2. The layout method for a semiconductor integrated circuit device according to claim 1, wherein at least one of the cells other than the cells produced as the wiring pattern cells are made area pad cells, the area pad cells are stored in the design library, arrangement positions of the area pad cells are calculated based on the design library and prepared arrangement information or wiring structure information on the area pad cells, and the area pad cells are arranged automatically.

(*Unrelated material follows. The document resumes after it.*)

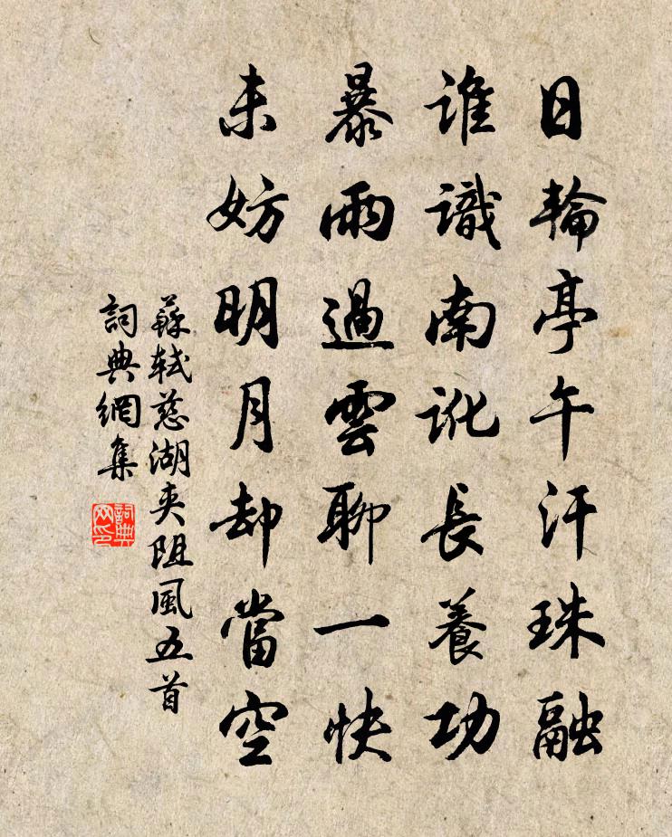 詩詞名句歷史字典書法欣賞書法字典國語詞典說文解字康熙字典古漢語字典標 題 作 者 詩 句 慈湖夾阻風五首作者:蘇軾 朝代:宋代慈湖夾阻風五首原文日輪亭午汗珠融,誰識南訛長養功。暴雨過雲聊一快,未妨明月卻當空。詩詞問答問:慈湖夾阻風五首的作者是誰?答:蘇軾問:慈湖夾阻風五首寫於哪個朝代?答:宋代問:蘇軾的名句有哪些?答:蘇軾名句大全蘇軾慈湖夾阻風五首書法欣賞慈湖夾阻風五首書法作品詩詞推薦寄周吉卿仇遠〔宋代〕四壁寒蛩已可憐,一庭風露轉悽然。杜陵便是歸來早,也有荒閒負郭田。句趙企〔宋代〕幾夜已生蝴蝶夢,三年辜負鷓鴣班。上運管張平國華岳〔宋代〕雙峰十月客辭家,廷老相期下九華。檢早不逢陶靖節,喚船同過鯉魚沙。落成王朝奉廟以薄恙不獲預謝謝劉宰並諸鄉丈陳傅良〔宋代〕卻向平時念後艱,榱題百尺忽如山。誰將西上逢人問,令尹何如此一班。晚坐和韻仲並〔宋代〕篇篇振玉妙玲瓏,字字春風和氣中。安得居家無一事,搜吟日日與君同。夢豐宅之二首劉克莊〔宋代〕一別茫茫隔九京,夢中慷慨語如生。老猶奮筆排和議,病尚登陴募捄兵。天奪偉人關氣數,時無好漢共功名。殘胡薛子舒墓葉適〔宋代〕悒悒西門路,樵歌占晚雲。燐迷王弼宅,蒿長孟郊墳。少病憐醫錯,題書與父分。又言重把筆,兼欲使余聞。初歸筠莊蘇粹之以詩見貽次韻答之二首李彌遜〔宋代〕它年同上楚江樓,花繞春城小謝州。翻手雨雲人事改,跳丸日月歲光流。霜空暮落能鳴雁,秋水風移不擊舟。偶築頌古三十二首釋明辯〔宋代〕獵涉榮枯未是奇,到頭誰是出家兒。故鄉漠漠無訊息,時有孤雲嶺外歸。水調歌頭(處州煙雨樓落成,欲就中秋,後值雨)李處全〔宋代〕樓觀數南國,煙雨壓東州。溪山雄勝,天開圖畫肖瀛洲。我破瀛洲客夢,來剖仙洲符竹,樂歲又雲秋。聊作幻師戲送趙紫芝入金陵幕薛師石〔宋代〕為官亦僦居,官況定何如。昨夜交遊散,滿湖秋雨疎。此邦佳麗久,舊事拜參初。喜是賢侯幕,新年有薦書。頌四賓主釋印肅〔宋代〕賓中賓,借錢沽酒設狂人。常常負債無依倚,謗教虛招地獄因。摸魚兒吳潛〔宋代〕滿園林、瘦紅肥綠,休休春事無幾。杜鵑喚起三更夢,窗外露澄風細。渾不寐。但目看、一簾夜月移花未。推衾自採菊詩袁宏〔魏晉〕息足回阿。圓坐長林。披榛即澗。藉草依陰。寄國子楊巨源祭酒姚合〔唐代〕日日新詩出,城中寫不禁。清高疑對竹,閒雅勝聞琴。門戶饒秋景,兒童解冷吟。雲山今作主,還借外人尋。旅中有感復有前韻陳棣〔宋代〕擿埴憑誰為指南,囊空羞澀不容探。年光有限堂堂去,世事無心細細參。故舊白頭驚未識,比隣青眼喜相諳。此生偈三首釋道昌〔宋代〕道不屬知,不屬不知。知是妄覺,不知是無記。若真達不疑之道,礙他銅盤不打老鼠。所以抽身入,還從屋裡來。黃州上已和王子方雪堂韻李曾伯〔宋代〕五年安出處,斯道系污隆。血指笑餘子,頭顱老此公。屋樑懸落月,花卉帶香風。生氣鎮長在,大江流不窮。王誠之分惠臥龍新茶數語為謝虞儔〔宋代〕臥龍驤首奮輕雷,一一槍旗次第開。遽浼春風歸七碗,寧容卯酒困三杯。森嚴莫訝先嘗苦,雋永方知後味回。不羨雨後極涼料簡篋中舊書有感陸游〔宋代〕日昳小雨不至晡,雨雖未足涼有餘。細泉泠泠咽幽竇,清風策策驚高梧。笠澤老翁病甦醒,欣然起理西齋書。十年名句推薦夜中不能寐,起坐彈鳴琴。阮籍《詠懷八十二首·其一》 故聖人為法,必使之明白易知,名正,愚知遍能知之商鞅《商君書·定分》 茶有九難:一曰造,二曰別,三曰器,四曰火,五曰水,六曰炙,七曰末,八曰煮,九曰飲。陸羽《茶經·六之飲》 春陰垂野草青青,時有幽花一樹明。蘇舜欽《淮中晚泊犢頭》 寒氣先侵玉女扉,清光旋透省郎闈。李商隱《對雪二首》 人面不知何處去,桃花依舊笑春風。崔護《題都城南莊》 集中什九從軍樂,亘古男兒一放翁。梁啓超《讀陸放翁集》 若為化得身千億,散上峰頭望故鄉。柳宗元《與浩初上人同看山寄京華親故》 未知生,焉知死?孔子弟子《論語·先進篇》 漢甲連胡兵,沙塵暗雲海。李白《經亂離後天恩流夜郎憶舊遊書懷贈江夏韋太守良宰》

3. The layout method for a semiconductor integrated circuit device according to claim 2, wherein the area pad cells and the wiring pattern cells have connecting pins at the boundary portions thereof.

Description:

BACKGROUND OF THE INVENTION

1. Field of the Invention

The present invention relates to a layout method for a semiconductor integrated circuit device.

2. Background Art

As semiconductor integrated circuit devices become smaller in size and have higher degrees of integration, the tendencies for integrated circuits to become more complicated and for input-output pads to increase in number are accelerated more and more but at the same time, there is a necessity to implement the minimization of chip areas. To minimize the chip areas, a method of arranging the input-output pads at not only the periphery of the chip but also the center of the chip is effective; hence, such pads are called area pads. Generally, the area pads are used often for power supply to the inside of the chip and in those cases, the area pads and the inside of the chip are connected often by a metal wiring having a strap structure, a mesh structure, or the like.

In conventional layout methods for a semiconductor integrated circuit device, the area pads and their periphery wiring patterns are manually produced by using the editing function of an automatic layout tool and a manual editing tool having a higher degree of editing function (see JP-A No. 2003-100891). For instance, in a relatively simple case, the area pads and their periphery wiring patterns are produced by using the editing function of the automatic layout tool. And furthermore, in a more complicated case, various layout analyses and layout verifications are conducted by transferring layout information on the area pads and their periphery wiring patterns produced using the manual editing tool and layout information on other cells and wiring patterns produced using the automatic layout tool to either tool or by unifying both pieces of layout information through the use of another mask process tool or the like.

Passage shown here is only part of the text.